Problem: Leave out every picture, and output exactly the lines from the line containing "Glacier Bay 24.1" through the last line of the data.

Material provided:
= = = =

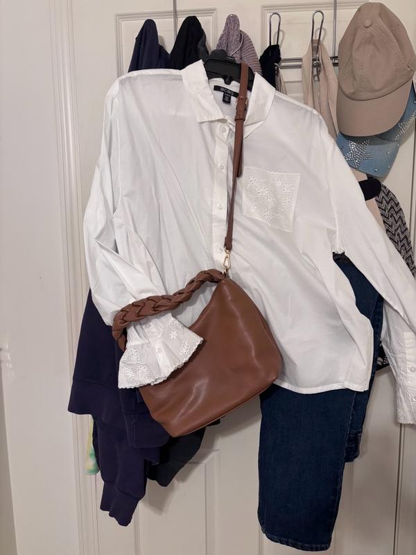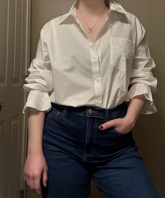 This white blouse with embroidery from BCBG is an updated classic in every way. I love a good white button down for the office, but sometimes it can look a bit too basic on its own. This blouse offers a good alternative where it’s still a classic look, but with a feminine edge built in through the sleeves and embroidery which elevates the classic white button up all on its own. I paired it with a red purse, classic jeans, and tucked it in. The size feels appropriate. I’m a size 4 and the small fit well (photos for size and fit). Overall, I’m very happy with it and I’d order it again!
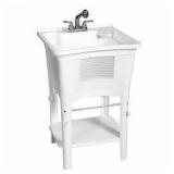Glacier Bay 24.1 in. L x 24.1 in. W x 36.7 in. H Laundry Sink / Utility Sink Work Center in White with Pull-Out Faucet in Chrome Customer Returns See Pictures
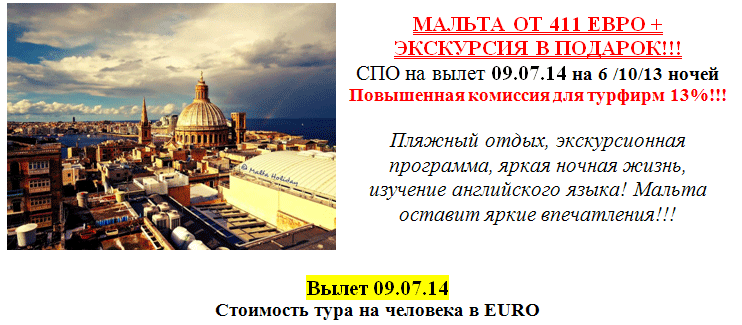 МАЛЬТА - СПО на 09.07.14 на 6 /10/13 ночей от фирмы ИВОЛГА |

= = = =

Your solution:
Glacier Bay 24.1 in. L x 24.1 in. W x 36.7 in. H Laundry Sink / Utility Sink Work Center in White with Pull-Out Faucet in Chrome Customer Returns See Pictures
 МАЛЬТА - СПО на 09.07.14 на 6 /10/13 ночей от фирмы ИВОЛГА |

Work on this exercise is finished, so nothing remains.